Monitor servers
The monitoring feature is bundled with the AI Infrastructure - Metal Cloud service.
Collecting and visualizing metrics, logs, and events helps you identify potential issues and optimize future workloads. You can choose the observability solution that best fits your needs.

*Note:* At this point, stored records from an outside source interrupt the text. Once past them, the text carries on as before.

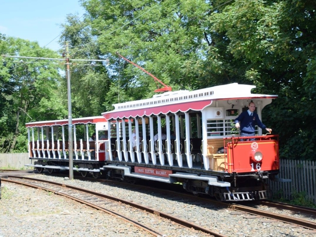 Car No.16 and Trailer No.60 pass the Laxey 1894 station site (today’s car shed stop) with the 1110 Ramsey to Derby Castle on the 19th of June 2017. © Andrew Scarffe
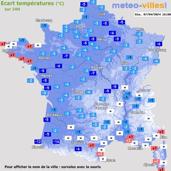 Variation des températures en 24h entre samedi 16h et dimanche 16h - MeteoVilles
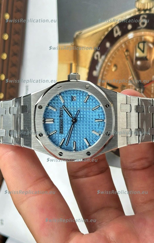 | Description | Audemars Piguet Super Clone Royal Oak 77450 34MM 904L Steel Ice Blue Dial Watch |
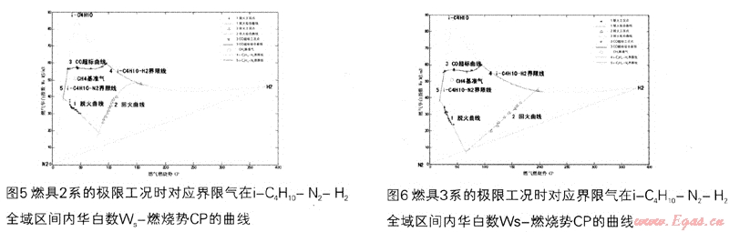 同理可以測(cè)得燃具2系、3系、……、5系等不同燃具的氣質(zhì)適應(yīng)域。各系列燃具在極限燃燒工況下對(duì)應(yīng)華白數(shù)Ws-燃燒勢(shì)CP在i-C4H10-N2-H2區(qū)間內(nèi)的曲線分別見(jiàn)圖5~8
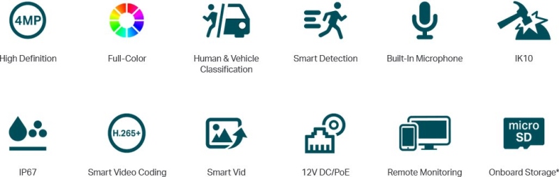 VIGI C240(2.8mm) je 4 megapixelová venkovní DOME kamera značky TP-Link s fixním objektivem 2.8 mm, bílým světlem a IR přísvitem do vzdálenosti 30 m a ethernetovým portem s podporou PoE. Kamera má max. rozlišení 2560 × 1440 px (při 30 fps), pozorovací úhel 96°, 2 nezávislé streamy, krytí IP67, digitální WDR snímač, audio mikrofon, slot na microSD…
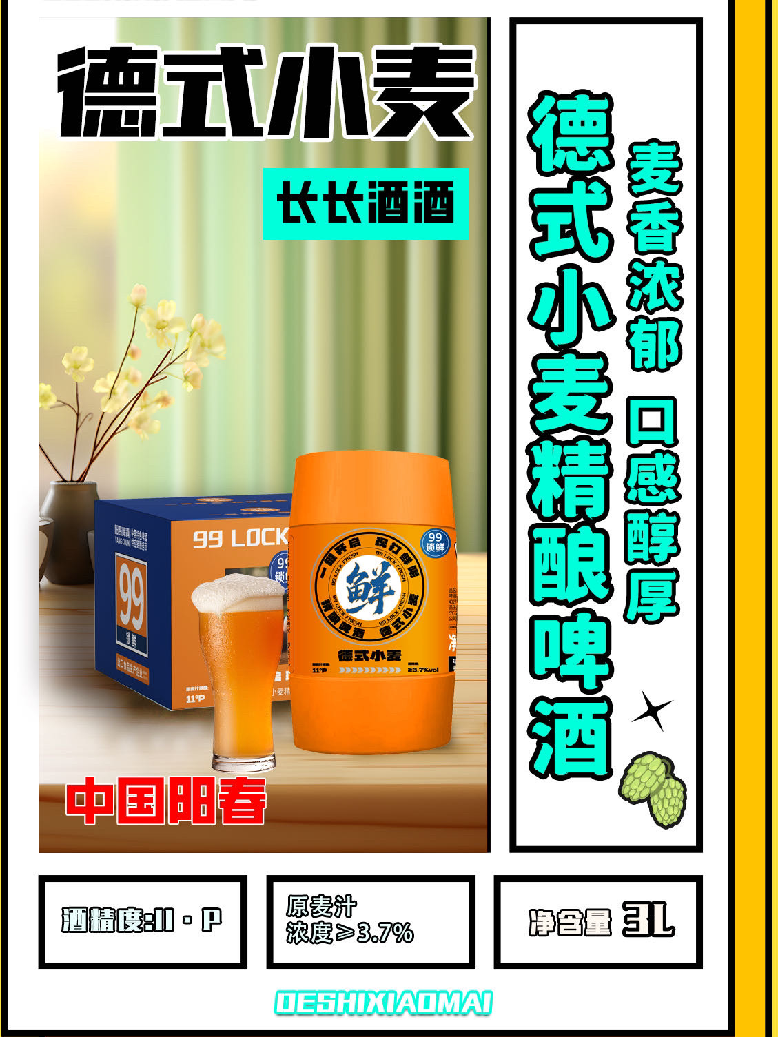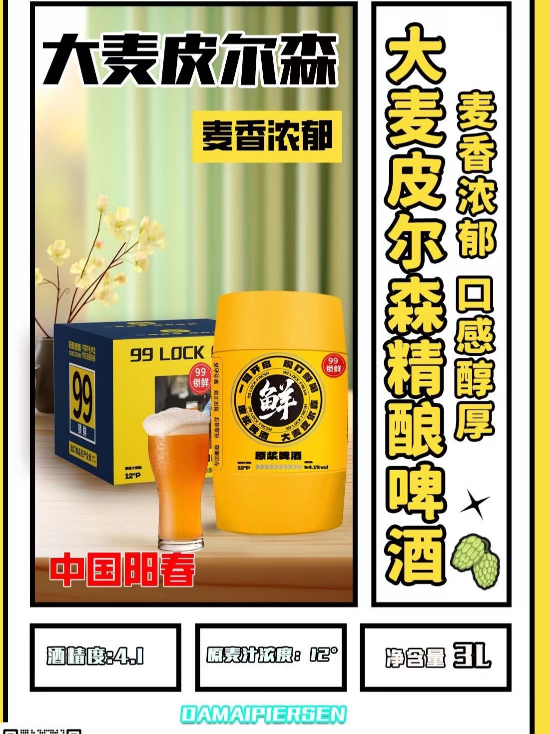 【3L锁鲜桶】99天锁鲜3L桶精酿鲜啤酒大麦皮尔森原浆3L德式小麦啤酒
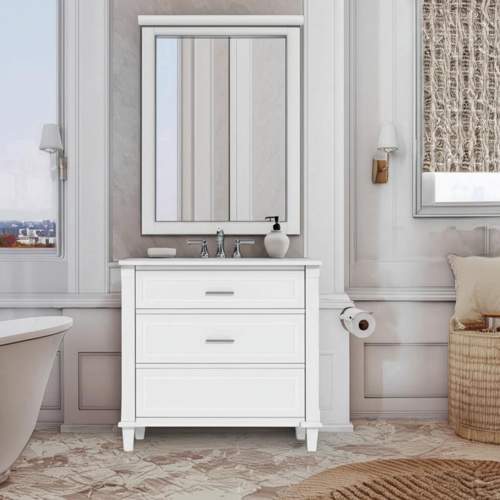 The Pinestream 36-inch bathroom vanity combines elegant design with practical features, including a durable marble countertop, soft-close drawers, and brushed nickel hardware. Perfect for enhancing any bathroom space.
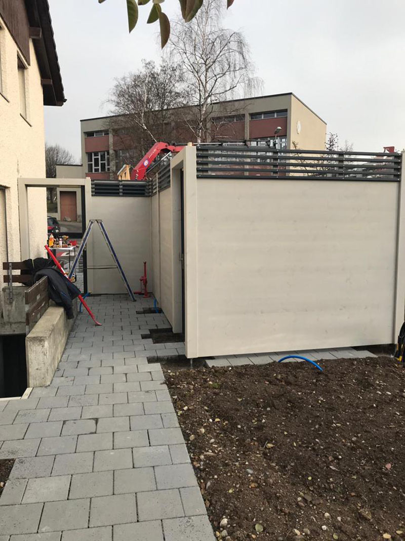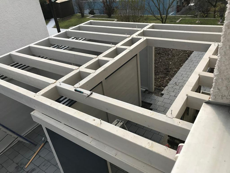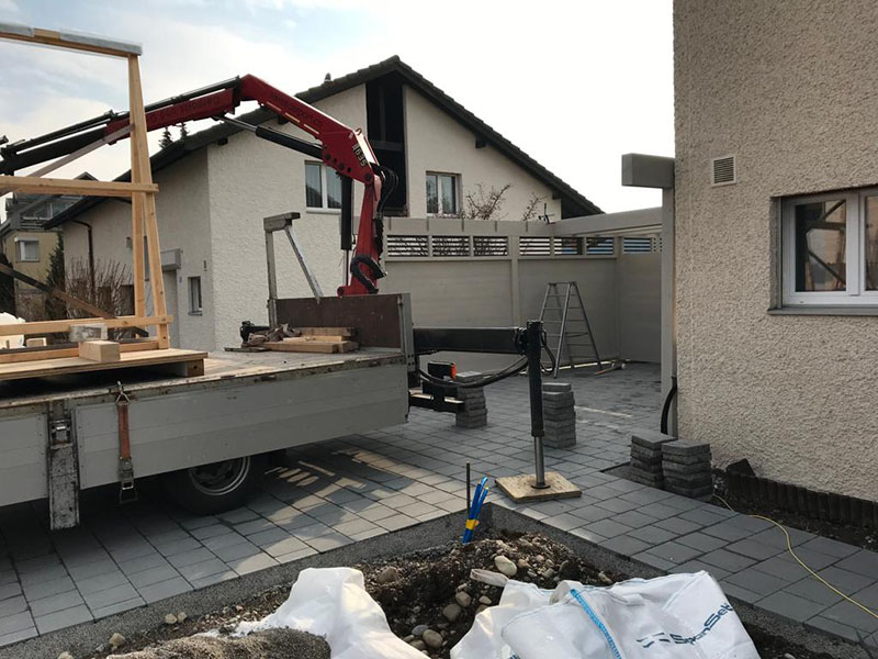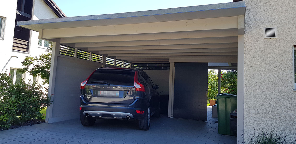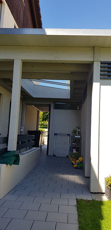Carport mit Geräteraum und Kiesklebedach. Wandaufbau mit 3-Schichtplatten und Lattenlichtband. Nr.C75
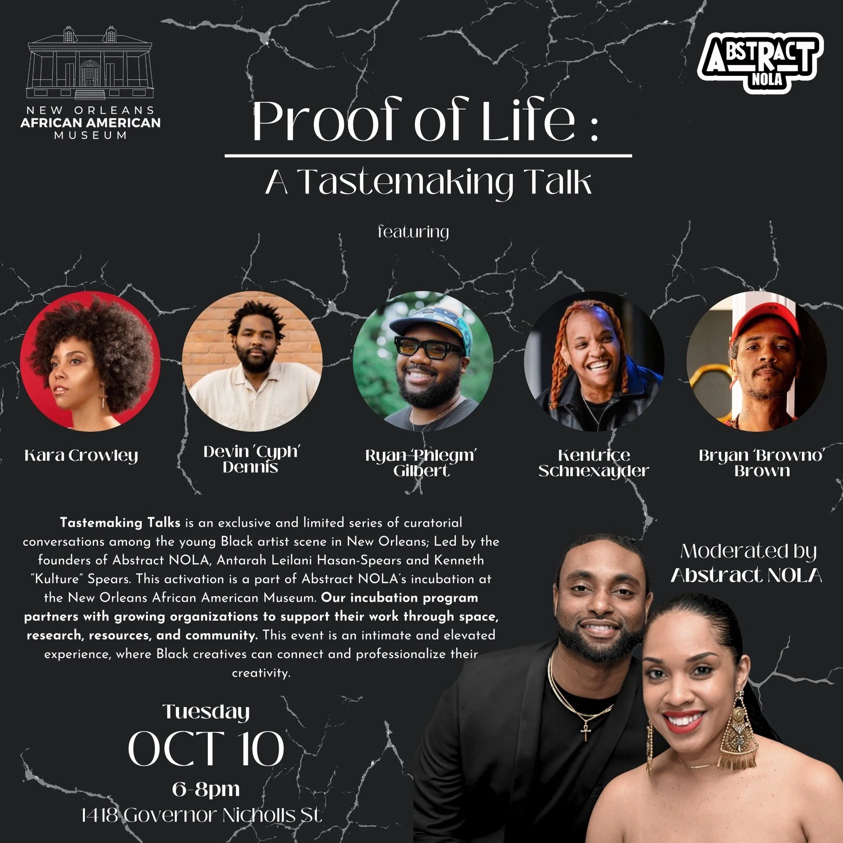 Tastemaking Talks is an exclusive and limited series of curatorial conversations among the young Black artist scene in New Orleans. Led by the founders of AbstractNOLA @abstractnola, Antarah Leilani Hasan-Spears and Kenneth "Kulture" Spears, join us as they delve into their curatorial process of tuning in with emerging artists, during their incubation at NOAAM.
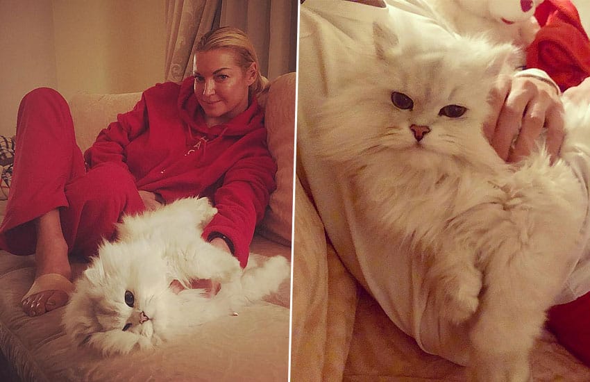 Например, совсем недавно, она решила кота закалить, окунувшись вместе с ним в ледяную купель. С огромным удивлением звезда выяснила, что ее Лакки боится холодной воды. Как все это комментировал кот, история умалчивает.
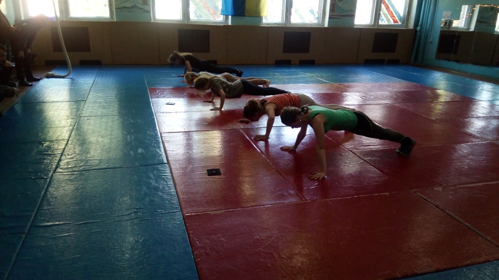 1) згинання та розгинання рук в упорі лежачи (для жінок);
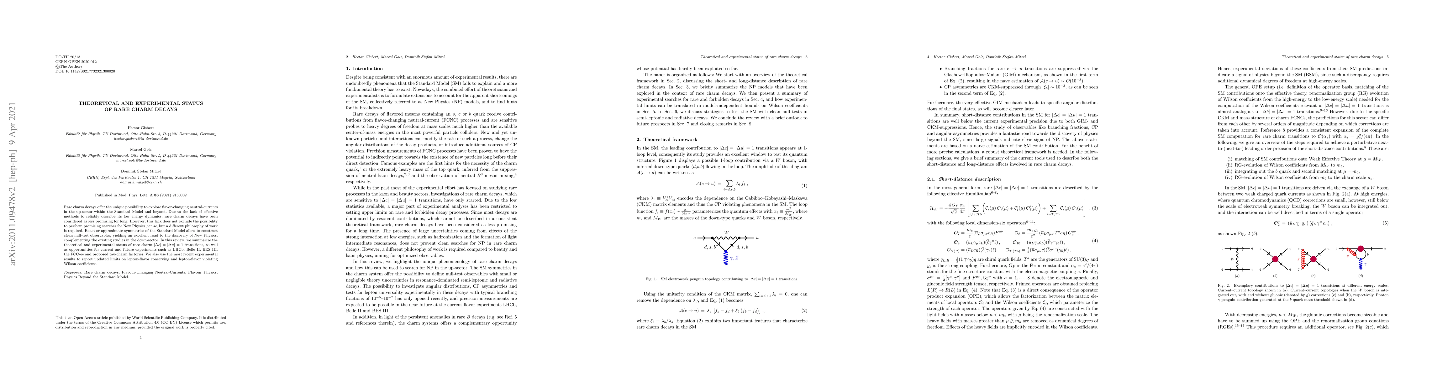 This paper reviews the theoretical and experimental status of rare charm decays, emphasizing the potential for discovering new physics through precise measurements of flavour-changing neutral currents. It highlights current and future experimental opportunities and updates limits on Wilson coefficients for lepton-flavour conserving and violating processes.
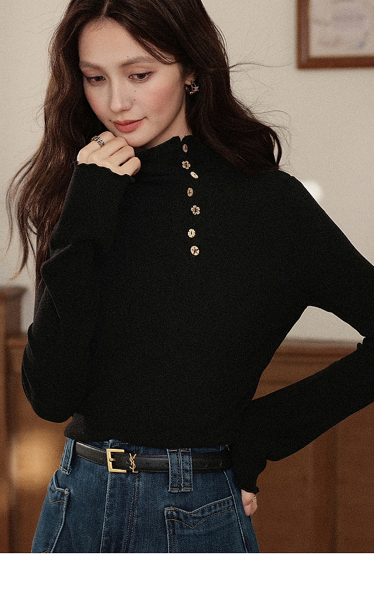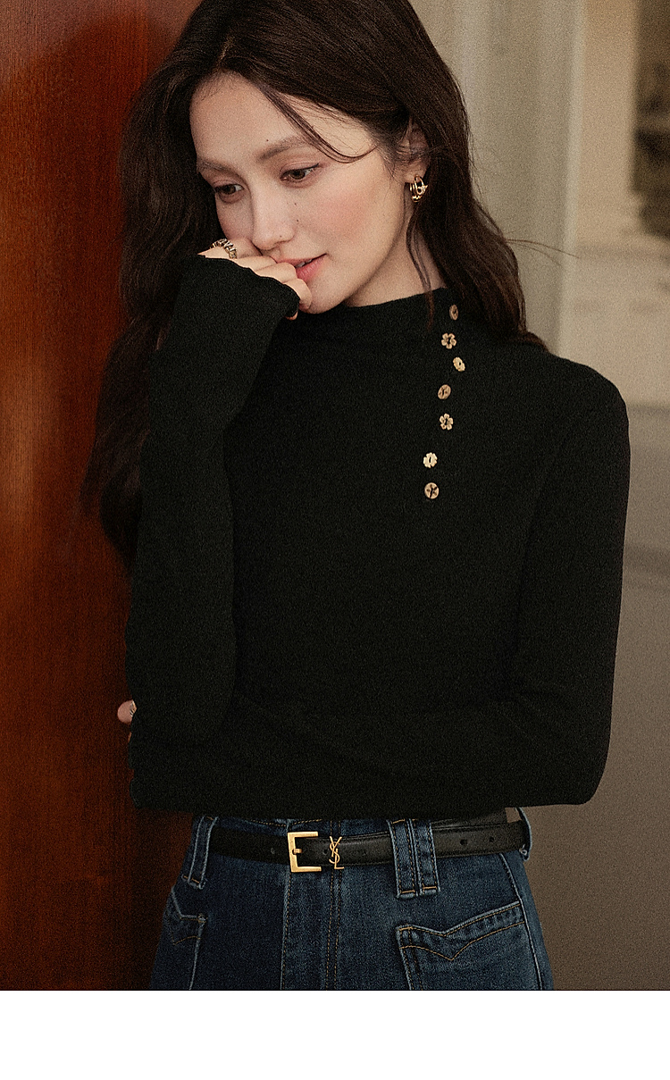 鹿向南「黑松绵绵」设计感黑色长袖t恤女秋修身半高领打底衫上衣
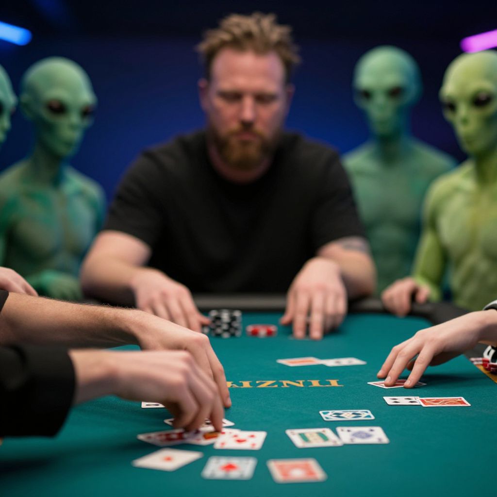 Photograph of a poker game in a dimly lit room. Centered is a bearded white man with short brown hair, wearing a black shirt, focused intently on the green-felt poker table. His hands are dealing cards. Surrounding him, slightly blurred, are three green-skinned, bald humanoid aliens with muscular chests, standing in a row. The table is scattered with poker cards, including aces, kings, and numbered cards. The background is dark with blue and purple lighting, creating a mysterious and tense atmosphere. The image emphasizes the contrast between the human player and the alien observers.
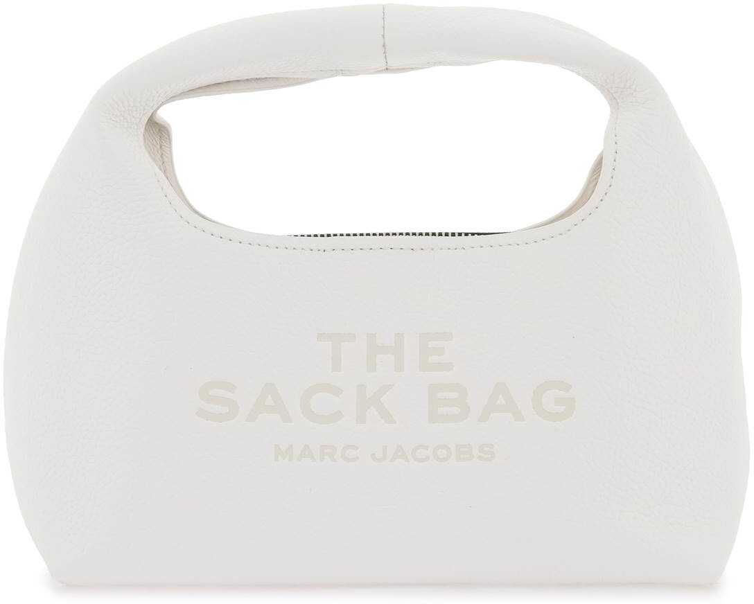 The Mini Sack Bag by Marc Jacobs crafted in grained leather featuring embossed lettering and logo at front and iconic tonal logo patch at back. Magnetic closure, interior fabric pouch with zip closure, top handle. SIlver-finished metalware.
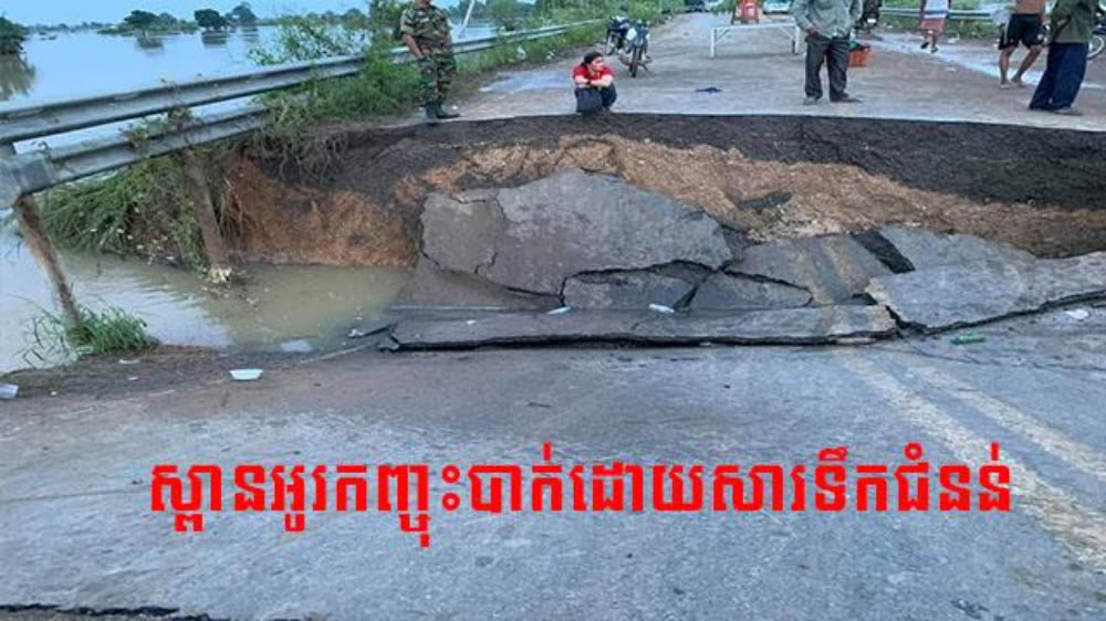ស្ពានអូរកញ្ចុះ ស្ថិតនៅឃុំអំពិលប្រាំដើម ស្រុកបវិល ខេត្តបាត់ដំបង បានបាក់ស្រុតចុះទាំងស្រុង នៅព្រឹកថ្ងៃទី ១៥ ខែតុលានេះ ដោយសារទឹកជំនន់។
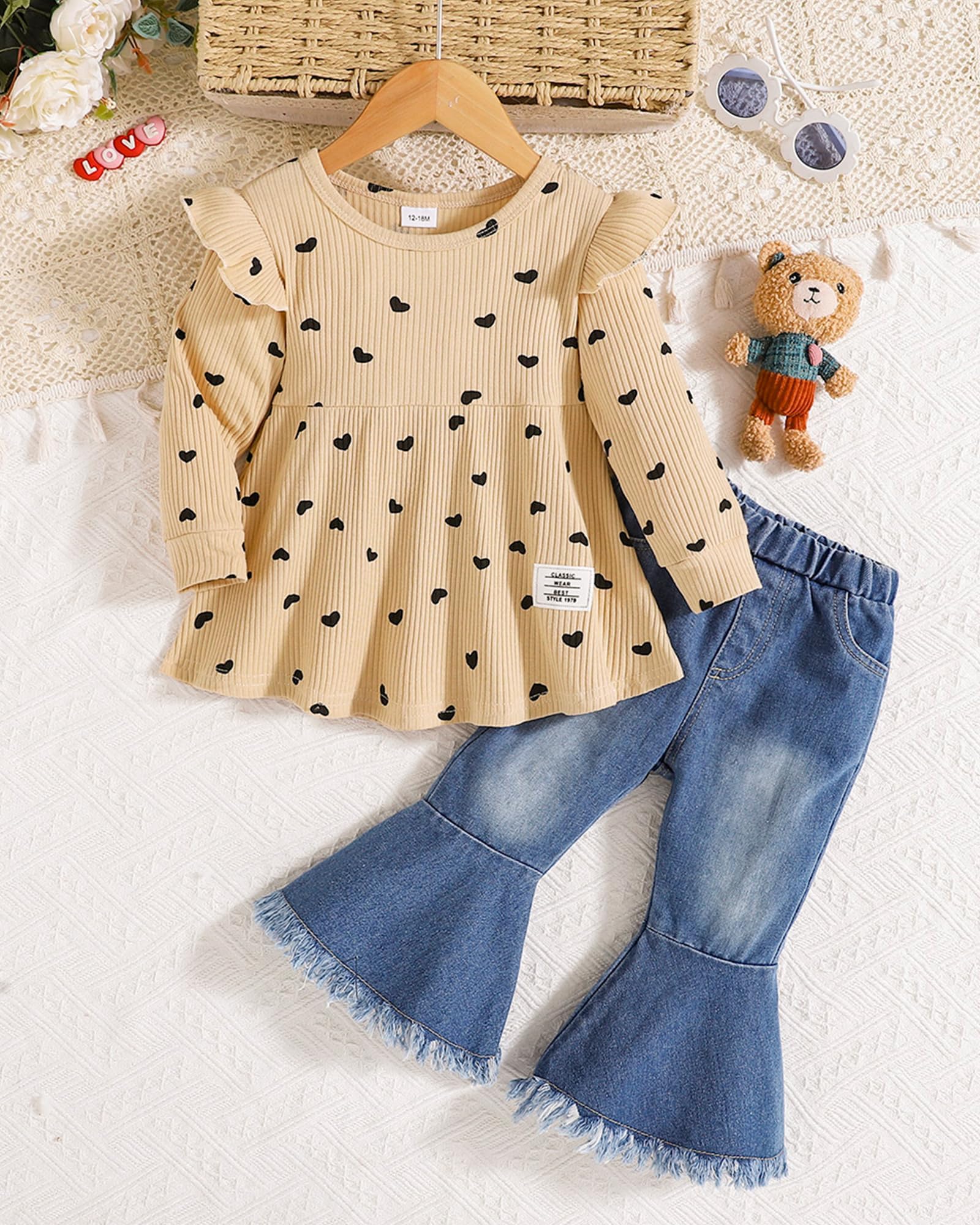 Design: The outfits feature a stylish design with options such as flower, leopard, and stripe ruffle long sleeve shirts, paired with solid color pants. The look is simple yet cute, perfect for any occasion.
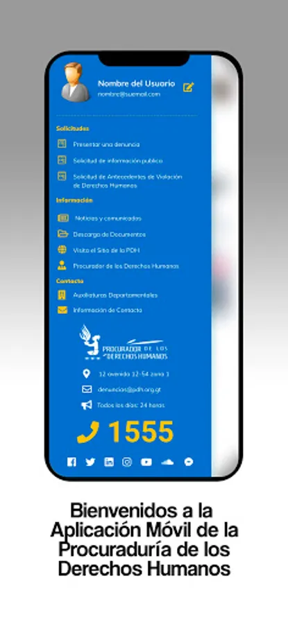In compliance with the constitutional mandate of the PDH, with the support of OXFAM and PROPAZ, the PDH seeks to create new mechanisms for receiving and monitoring ICT complaints and for them to be implemented at the institutional level. For the above, a mobile application has been developed with which you can carry out the following procedures from your cell phone:
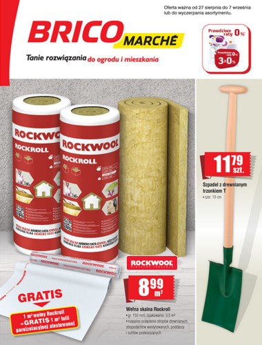 - Wełna szklana Rockwool m² – 8,99 zł.

| Metrics | Cluster (same VPC) | Single server |
|---|---|---|
| Total nodes and nodes down | ✔ | |
| GPU model, driver, CUDA version | ✔ | |
| Control state | ✔ | |
| Uptime | ✔ | |
| Total GPUs and GPUs down | ✔ | ✔ |
| GPU utilization | ✔ | ✔ |
| GPU memory | ✔ | ✔ |
| CPU utilization | ✔ | ✔ |
| System memory | ✔ | ✔ |
| Root storage usage | ✔ | ✔ |
| Local disk usage | ✔ | ✔ |
| Per-GPU details: Power consumption, temperature, GPU utilization, VRAM usage | ✔ | |
| Network bandwidth Inbound/Outbound | ✔ | ✔ |
| Network packets sent and received | ✔ | ✔ |
| Network error rate receive/send | ✔ | |
| System fan speed | ✔ | |
| System voltage | ✔ | |
| Common alerts | ✔ |